* Try it: Everything from the line that holds "Retro pixel text" through the end of the listing below must be retyped word for word, without any pictures.

* Data segment:
● ● ● ●

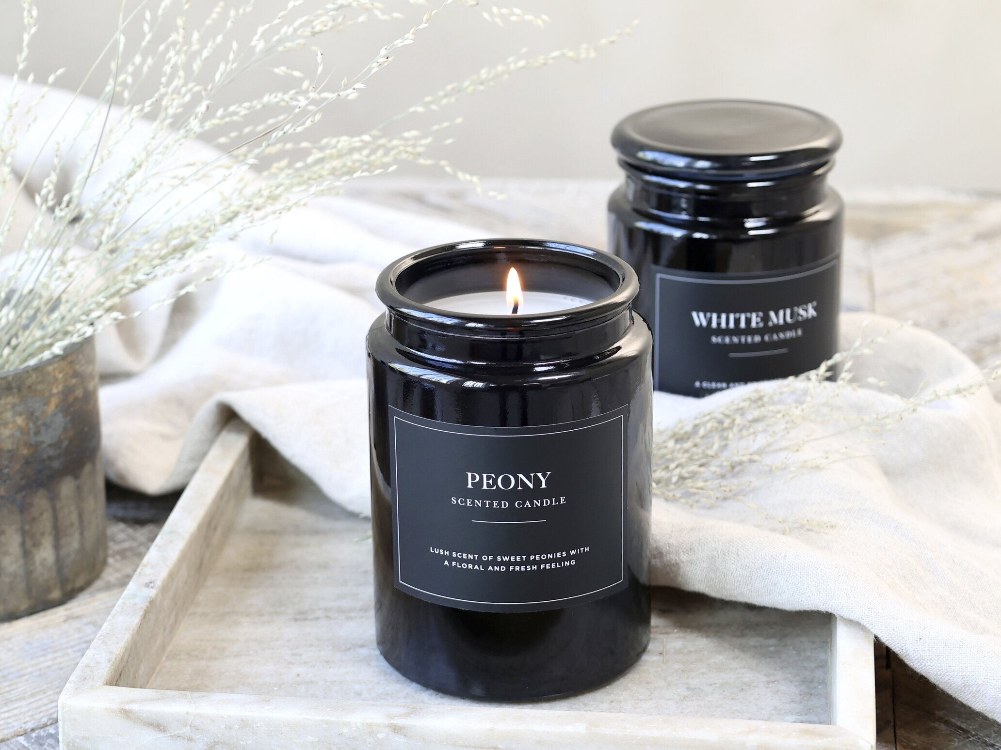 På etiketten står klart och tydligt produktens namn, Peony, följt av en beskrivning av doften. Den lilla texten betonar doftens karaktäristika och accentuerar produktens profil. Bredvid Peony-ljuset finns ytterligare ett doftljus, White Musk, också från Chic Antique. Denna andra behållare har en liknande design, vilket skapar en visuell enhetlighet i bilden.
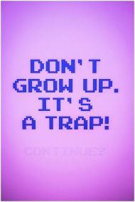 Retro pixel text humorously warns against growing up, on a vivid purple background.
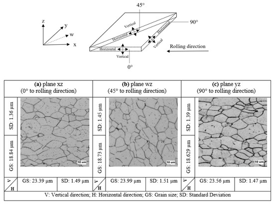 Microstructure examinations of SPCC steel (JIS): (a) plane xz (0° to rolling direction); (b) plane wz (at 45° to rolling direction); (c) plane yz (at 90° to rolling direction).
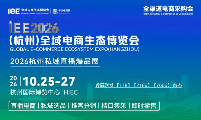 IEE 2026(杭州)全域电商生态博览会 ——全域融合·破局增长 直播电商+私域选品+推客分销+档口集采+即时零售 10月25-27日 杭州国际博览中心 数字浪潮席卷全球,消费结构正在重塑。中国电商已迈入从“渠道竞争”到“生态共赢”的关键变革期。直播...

● ● ● ●

* Answer box:
 Retro pixel text humorously warns against growing up, on a vivid purple background.
 Microstructure examinations of SPCC steel (JIS): (a) plane xz (0° to rolling direction); (b) plane wz (at 45° to rolling direction); (c) plane yz (at 90° to rolling direction).
 IEE 2026(杭州)全域电商生态博览会 ——全域融合·破局增长 直播电商+私域选品+推客分销+档口集采+即时零售 10月25-27日 杭州国际博览中心 数字浪潮席卷全球,消费结构正在重塑。中国电商已迈入从“渠道竞争”到“生态共赢”的关键变革期。直播...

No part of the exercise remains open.